╭─ Exercise input

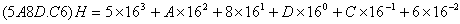 有0,1,2,…,9,A,B,C,D,E,F等十六個數碼元素,基數r=16,逢十六進一,如:(5A8D.C6) 16或(5A8D.C6) H,寫成通式展開后為:
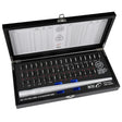 This precision calibrated True Ring Sizing Set (3mm) offers consistent, dependable measuring when sizing rings time after time. The high quality and the polished, professional look will impress your customers on the other side of the counter while reducing costly, extensive errors when measuring the size needed and the end result being totally different. Sold as a complete set with matching aluminum mandrel. Sizes 1-16 in half sizes and sizes 4 up through and including 11 are in quarter sizes.
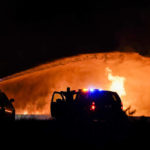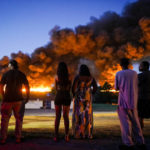 Firefighters believe the blaze started when a power line fell about midnight Tuesday near an area where plastic rolls were being stored, causing them to catch fire, Assistant Fire Chief Bill Murphy said. “These are rolls of plastic sheeting, huge rolls, and they’re stacked sometimes eight feet high. Plastic is hard to put out and it’s just gonna burn,” he said.
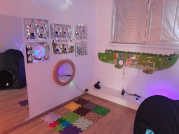 Официалните гости се включиха в прерязването на лентата и след това разгледаха новата придобивка. Сензорната стая представлява специално оборудвано затъмнено помещение, което чрез светлини, звуци, цветове и различни тактилни елементи подпомага децата да се успокоят, концентрират и развиват своите сетива. Използват се разнообразни уреди и аксесоари, като всички дейности са под формата на игра. Участвайки в нея, детето не се концентрира върху крайния резултат, а върху самото преживяване, получава възможност самостоятелно да открива и изследва. Стаята е особено полезна за деца със специални образователни потребности, но помага и на всички ученици за преодоляване на затруднения, за развиване на чувство за самооценка, придобиване на усещане за контрол и справяне с различни предизвикателства.
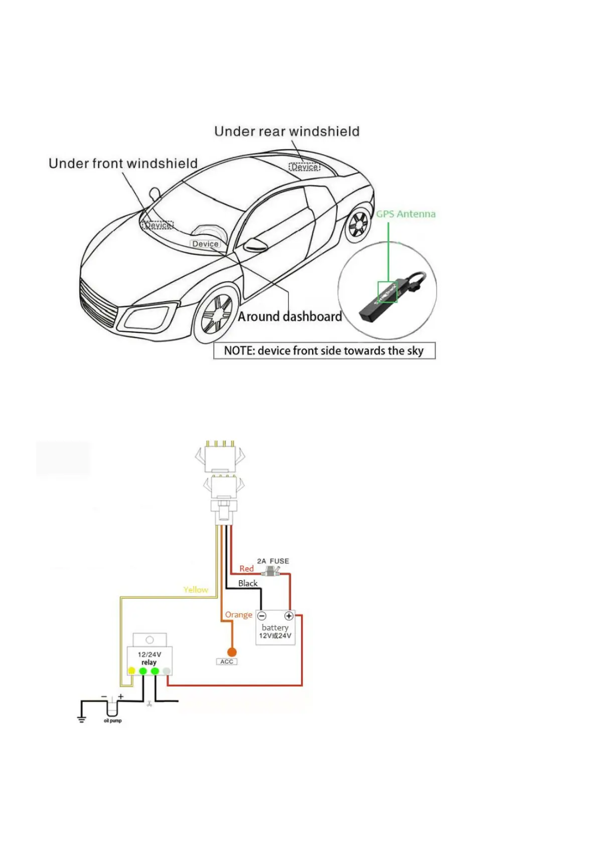 2. The GPS antenna side should towards to clear sky.
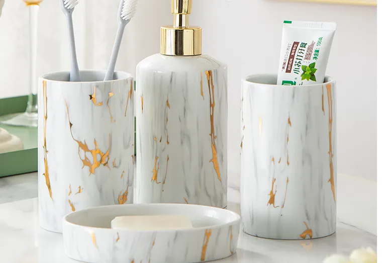 With its timeless marble design, this ceramic wash kit is not only functional but also a stylish accessory for your bathroom. Whether you're revamping your bathroom décor or adding a touch of luxury, the Bathroom Marble Wash Kit is the perfect combination of form and function.

╰─

What is expected:
What should come back is an exact copy of the lines above from the line with "Firefighters believe the" to the line with "2. The GPS antenna", both included, minus the pictures.

Response below:
 Firefighters believe the blaze started when a power line fell about midnight Tuesday near an area where plastic rolls were being stored, causing them to catch fire, Assistant Fire Chief Bill Murphy said. “These are rolls of plastic sheeting, huge rolls, and they’re stacked sometimes eight feet high. Plastic is hard to put out and it’s just gonna burn,” he said.
 Официалните гости се включиха в прерязването на лентата и след това разгледаха новата придобивка. Сензорната стая представлява специално оборудвано затъмнено помещение, което чрез светлини, звуци, цветове и различни тактилни елементи подпомага децата да се успокоят, концентрират и развиват своите сетива. Използват се разнообразни уреди и аксесоари, като всички дейности са под формата на игра. Участвайки в нея, детето не се концентрира върху крайния резултат, а върху самото преживяване, получава възможност самостоятелно да открива и изследва. Стаята е особено полезна за деца със специални образователни потребности, но помага и на всички ученици за преодоляване на затруднения, за развиване на чувство за самооценка, придобиване на усещане за контрол и справяне с различни предизвикателства.
 2. The GPS antenna side should towards to clear sky.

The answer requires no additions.